Inserting some short lines with tagged text, we use 100 different tags (not very much). Note that this script expects a loop count as parameter. The widget will be cleared in each iteration step.
perf-15.tcl |
Firstly we test with loop count 1: "wish perf-15.tcl 1".
Revised: | 0.40 s | 26,456 kb | |
wish8.5: | 0.33 s | 25,872 kb | |
wish8.6: | 0.38 s | 27,108 kb | |
wish8.7: | 0.34 s | 25,804 kb |
Secondly we test with loop count 10: "wish perf-15.tcl 10".

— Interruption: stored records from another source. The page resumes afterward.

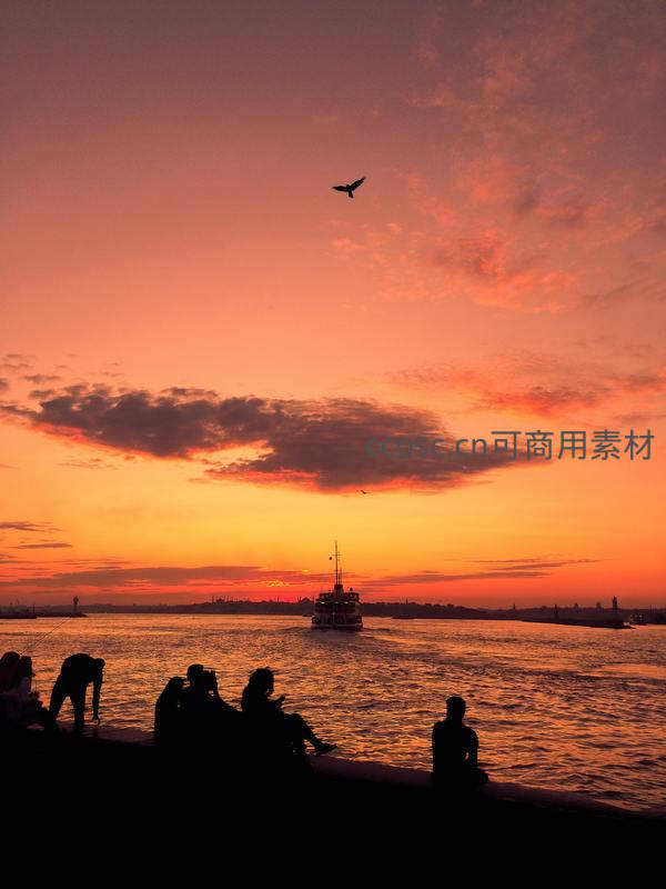 绚烂晚霞映红江面,游人静坐岸边观赏,远处轮船缓缓行驶,一只飞鸟划过天际,构成一幅温暖而富有诗意的城市黄昏图景。
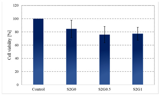 Cytotoxicity analysis performed on an in vitro model indicates that the tested samples did not show a toxicity effect towards normal human dermal fibroblasts. Some small differences were observed in the proliferating fraction of cells for sample S2G0 without glycerin and with 1.7% and 3.4% of glycerin. Namely, the addition of glycerin had a negative impact on the proliferation. However, this dependence was barely noticeable. In general, none of the tested samples inhibited the proliferation of the tested cell line significantly, as evidenced by the plot (Figure 8) in which the surviving fraction exceeds 75%. Additionally, it is worth adding that we compared the cells seeded on the culture dish (control) to cells seeded on tested samples. Culture dishes are purposed for cell culturing, and it is clear that the conditions would be better than on tested materials. The positive effects of the PVA/chitosan with glycerin on the growth of L929 cells are also reported by Yang et al. [57]. They found that the morphologies of cells treated with prepared hydrogels were unchanged as compared with the negative samples. Moreover, they demonstrated increased cell proliferation after 48 h incubation.
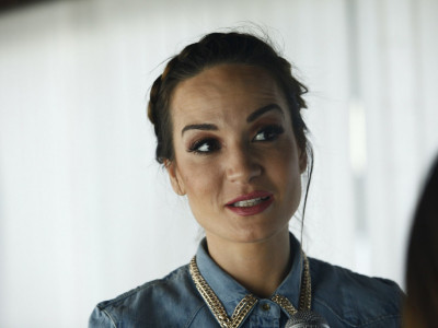 Prva fotografija je ona na kojoj je ova dama u crnim zvonastim pantalonama i crnom korsetu, preko koga se opredelila za plavi duži strukirani sako. Slična kombinacija našla se među 4 fotografije, na kojoj je pevačica ponovo u crnim pantalonama, ali gore ima zakopčani satenski, pink sako. Tunika-haljina lapršavog letnjeg materijala, na kojoj dominira narandžasto-crvena boja joj je, očigledno, među omiljenim kombinacijama.
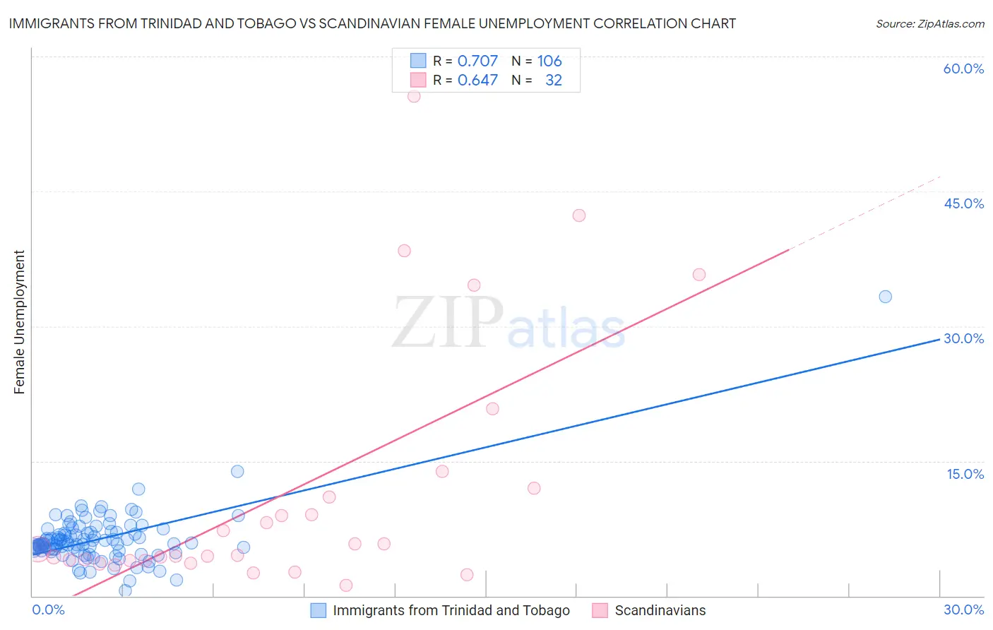 Immigrants from Trinidad and Tobago vs Scandinavian Female Unemployment Correlation Chart
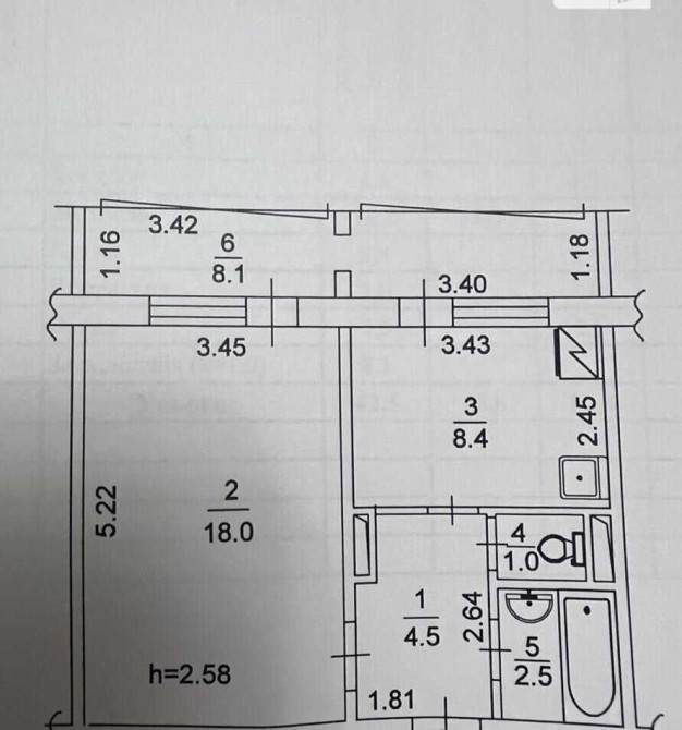 Загальна площа 42.5 м² · житлова 18 м² · кухня 8.4 м²

Revised: | 0.54 s | 26,596 kb | |
wish8.5: | 1.75 s | 25,840 kb | |
wish8.6: | 2.12 s | 38,140 kb | |
wish8.7: | 1.98 s | 25,836 kb |
Thirdly we test with loop count 100: "wish perf-15.tcl 100".
Revised: | 1.91 s | 26,596 kb | |
wish8.5: | 16.36 s | 25,868 kb | |
wish8.6: | 19.28 s | 149,136 kb | |
wish8.7: | 18.53 s | 25,804 kb |
This shows that the re-use of a text widget (after deleting the whole content) performs much better with revised version, the difference is enormous. The more tags, the higher the performance improvement (based on tests).